Graph solutions

This is the graph of \(y=\log_{5} x\)

plot of log base five of x

Use this graph to help you to draw graphs of

  1. \(\log_{25}x\)
  2. \(\log_{\sqrt{5}}x\)
  3. \(\log_{\frac{1}{5}}x\)
  4. \(\log_{10} x\)
  5. \(\log_{x} 5\)

Try to make your graphs as accurate as you can, but use the graph of \(y=\log_{5}x\) to help you, rather than a calculator.

Here are graphs 1 and 2 drawn using values from the \(y=\log_{5}x\). The relationships between each graph and the graph of \(y=\log_{5}x\) are described below.

Plots of log base five of x, log base twenty five of x and log base square root of x
  1. \(\log_{25} x = (\log_{25} 5)(\log_{5} x) = \frac{1}{2}\log_{5} x\), so the graph of \(y = \log_{25} x\) is a stretch of the graph \(y=\log_{5}x\) parallel to the \(y\)-axis and scale factor \(\frac{1}{2}\).

  2. \(\log_{\sqrt{5}}x= (\log_{\sqrt{5}} 5)(\log_{5} x)=2\log_{5} x\), so the graph of \(y=\log_{\sqrt{5}}x\) is a stretch of the graph \(y=\log_{5}x\) parallel to the \(y\)-axis and scale factor \(2\).

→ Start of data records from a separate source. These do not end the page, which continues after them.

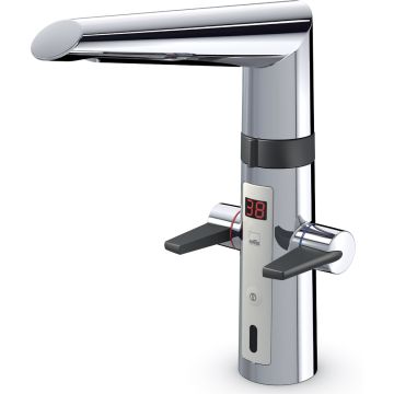 Oras Optima Hybrid 2727F on kosketusvapaa keittiösekoitin, jossa on Easy Grip -kahvat ja elektroninen pesukoneventtiili. Pesukoneventtiili aukeaa erityistä valopainiketta painamalla ja sulkeutuu automaattisesti 3 tai 12 tunnin kuluttua. Sekoittimen erottaa erityisestä lämpötila-anturista, jossa on lämpövaroitus. Kosketusvapaata käyttöä varten kädet on asetettava anturin vaikutusalueelle ja veden lämpötilaa voidaan säätää kääntämällä sekoittimen ja juoksuputken välistä ritilää. Kosketukseton toiminto voidaan myös helposti kytkeä päälle/pois. Sekoitin on varustettu korkealle kääntyvälläjuoksuputkella, jonka pyörimiskulma on tehtaalla asetettu 120° (rajoitettavissa 60° tai 80°). Verkkosyöttö 230/5V tasasuuntaajan kautta. Sekoitin on varustettu jätesuodattimilla.
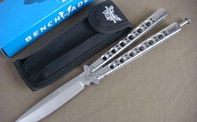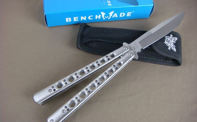 Benchmade.42蝴蝶刀(白色,普标版) 全 长:24.0cm 刃 长:9.2cm 柄 长:13.5cm 刃 宽:1.9cm(最宽处) 刃 厚:2.8mm 刃 材:440 硬 度:56HRC 刀 柄:钢柄 表 面:砂光 重 量:160.0克 配尼龙袋,原厂包装
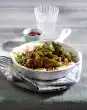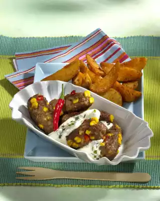 Squeeze the bread well and knead with minced meat, half of the onion, chilli, egg and corn. Season well with salt and pepper. Form minced meat into 5 longish meatballs. Place the meatballs on the other half of the baking tray and bake the remaining 15 minutes. In the meantime, finely dice the gherkin for the tartar sauce. Wash the chives, dab dry and cut into fine rolls. Mix salad cream, yoghurt, remaining onion, chives, gherkin and approx. 1 tablespoon of gherkin stock. Season with salt and pepper. Arrange meatballs, potato wedges and tartar sauce on a plate.
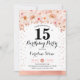 15.ª invitación a la fiesta de cumpleaños. Elegante diseño en falso oro rosa purpurina con acento floral. Invitar a la tarjeta con tipo de letra de guión y con contenido. Rosa de coral Rubor, blanco. Perfecto para una elegante celebración de los 30 días. Mándame un mensaje si necesitas edad personalizado.
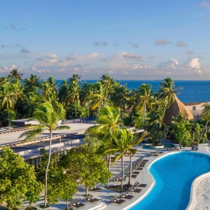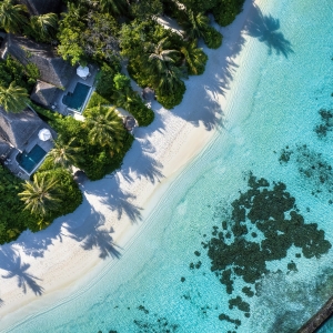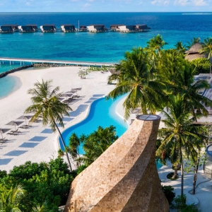 Perched elegantly on the white-sand beaches of Vommuli and revealing fabled ocean views from a furnished terrace and second-story balcony, our Two-Bedroom Beach Suites with Pool promise sophistication beyond expectation.
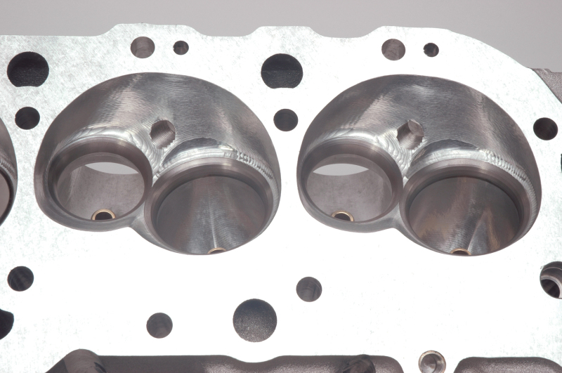 Edelbrock and Pat Musi Performance have combined efforts to produce the finest standard intake port location big-block Chevy head available. The Edelbrock #61419 Victor 24deg CNC Bare cylinder head features an extra thick deck and extra material in the spring pockets for a heavy-duty casting that can be used with high-lift cam and heavy spring combinations. Edelbrock equips the complete cylinder head with Manley dual-spring valve springs and titanium retainers good for up to .880″ lift. The port designs are large oval (367 lh / 377 rh) that produce impressive flow – out-of-the-box. The exhaust port exits are raised .750″ to greatly improve exhaust flow and power. Off the shelf large oval-port intakes are available through Edelbrock.
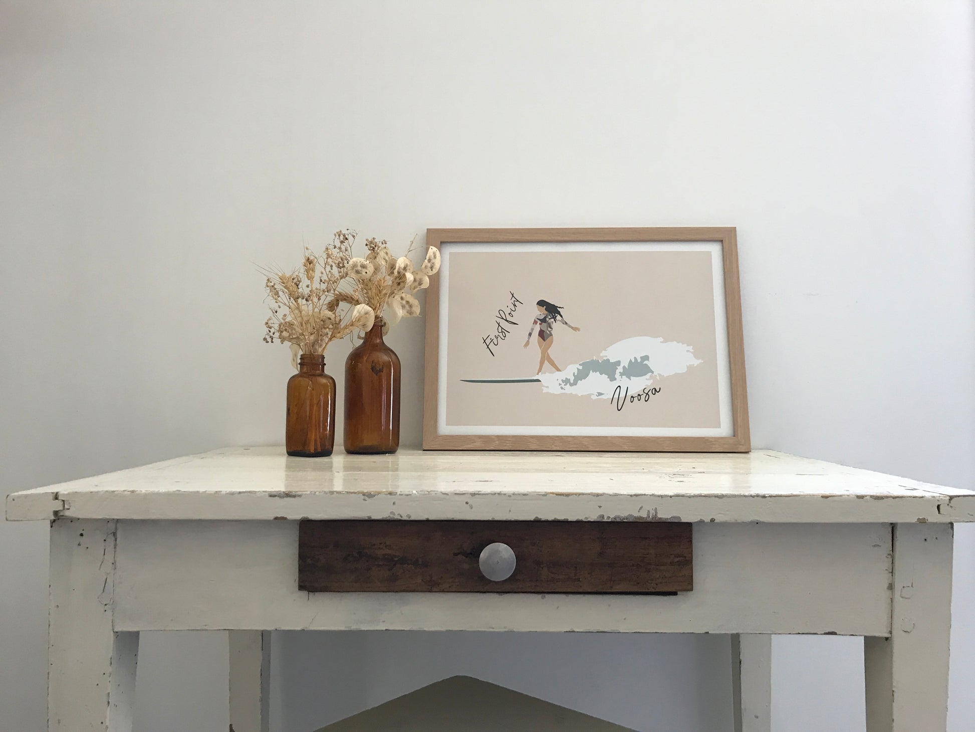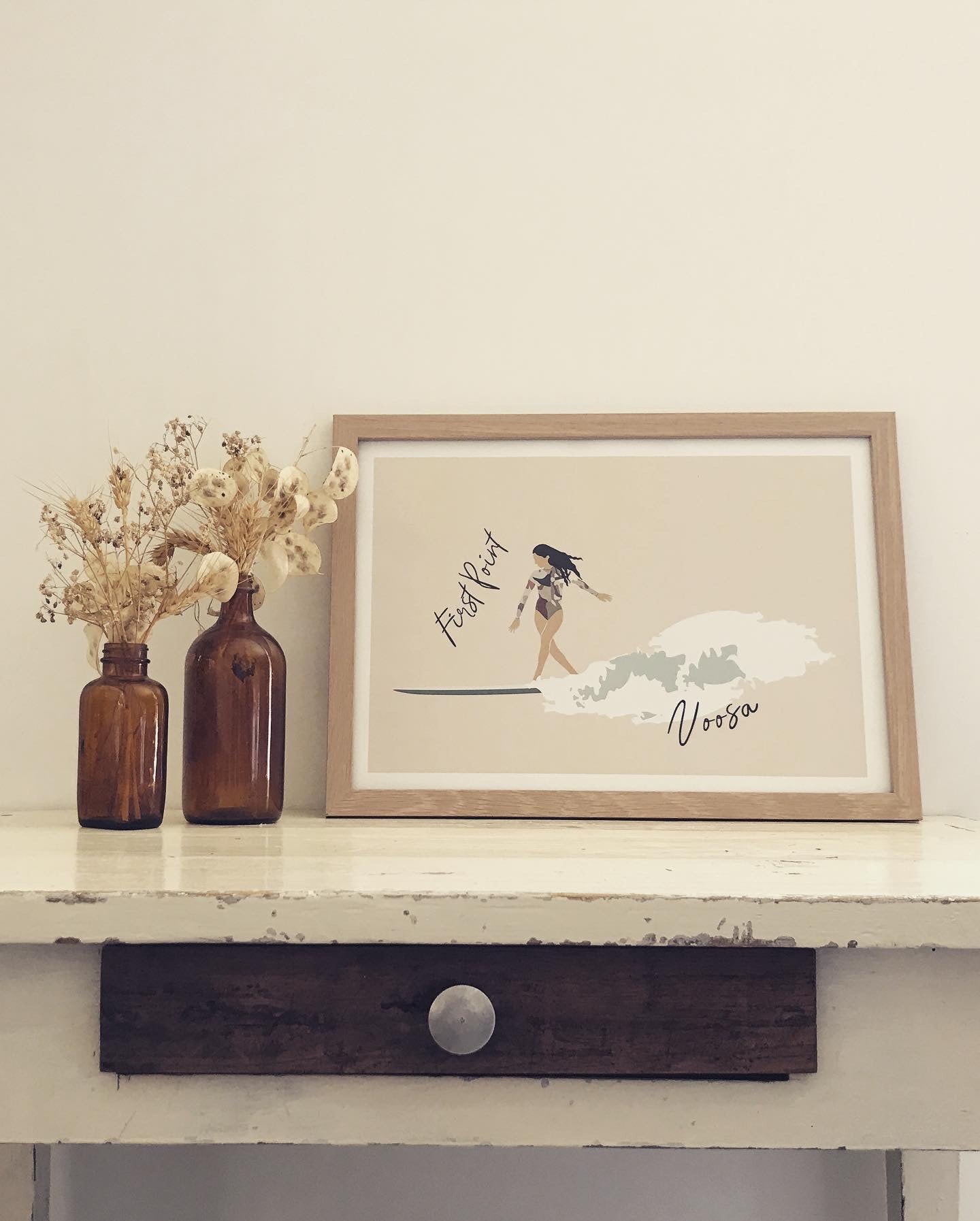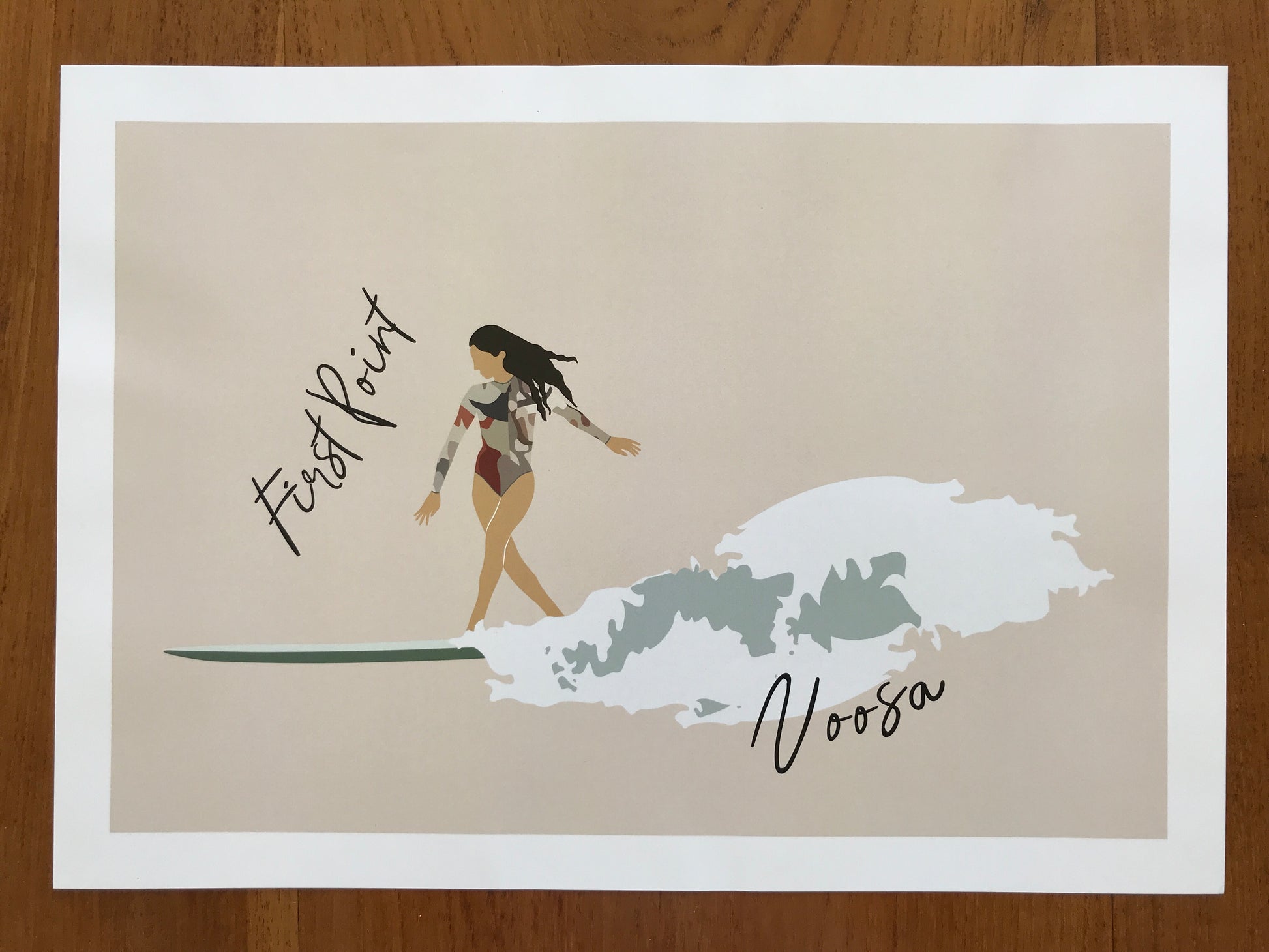 Capture the sunny, laid-back vibe of the iconic First Point on Main beach in Noosa with this beautifully illustrated A3 poster. It features a graceful woman surfing on a longboard, effortlessly riding a stunning turquoise wave. A vibrant yet serene design, perfect for sharing travel memories or adding a touch of ocean-inspired charm to your collection.

Thinking about the definition of logarithms, as we did in the warm-up, these results make sense. For example, we’d expect the power that we’d raise \(5\) to in order to get a given value of \(x\) to be twice as much as the power we’d need to raise \(25\) to.


  1. As \(\dfrac{1}{5} = 5^{-1}\), the power that we’d raise \(\dfrac{1}{5}\) to in order to get a given value of \(x\) is \(-1\) times the power we’d need to raise \(5\) to. Alternatively, using the idea from the warm-up, \[\log_{\frac{1}{5}}x=(\log_{\frac{1}{5}} 5)(\log_{5}x)=-\log_{5}x\] and so the graph of \(y = \log_{\frac{1}{5}}x\) is a reflection in the \(x\)-axis of the graph of \(y=\log_{5}x\).
Plots of log base five of x and log base one over five of x

  1. More work is needed for the graph of \(y=\log_{10} x\). We know that \(\log_{10}x= \dfrac{\log_{5} x}{\log_{5} 10}\), so we need to divide by \(\log_{5}10\) to get the graph of \(y=\log_{10}x\). The given graph doesn’t go up as far as \(x=10\), but \(\log_{5}10 = \log_{5}5+ \log_{5}2 = 1+ \log_{5}2\). From the graph, \(\log_{5} 2 \approx 0.42\). Now, \(1 \div 1.42 = \frac{100}{142}=\frac{50}{71}\approx\frac{49}{70} = 0.7\) so the graph of \(y=\log_{10}x\) is a stretch of \(y=\log_{5}x\) parallel to the \(y\)-axis, scale factor \(0.7\).
Plots og log base five of x and log base ten of x

  1. For \(x>0\) with \(x\neq 1\), (\(\log_{5}x)(\log_{x}5)= \log_{5}5=1\), so \(\log_{x}5\) is the reciprocal of \(y=\log_{5}x\). We can use this to plot particular points to get an idea of the shape of the graph \(y=\log_{x}5\).
Plots of log base five of x and log base x of five

Alternatively, we can use the behaviour of the function \(\log_{5} x\) to sketch the behaviour. For \(x>1\), as \(x\) increases, \(\log_{5}x\) increases and is positive, so \(\log_{x}5\) decreases and is positive. For \(x\) close to \(1\), \(\log_{5} x\) is close to \(0\), and the graph of \(y=\log_{x}5\) has an asymptote at \(x=1\). For \(0< x <1\), \(\log_{5}x\) is negative. It increases to \(0\) as \(x\) increases to \(1\), and tends to \(-\infty\) as \(x\) decreases to \(0\). The graph of \(y=\log_{x}5\) gets steeper and closer to the \(y\)-axis as \(x\) decreases to \(0\), but it doesn’t actually meet the \(y\)-axis because \(\log_{x}5\) isn’t defined for \(x=0\).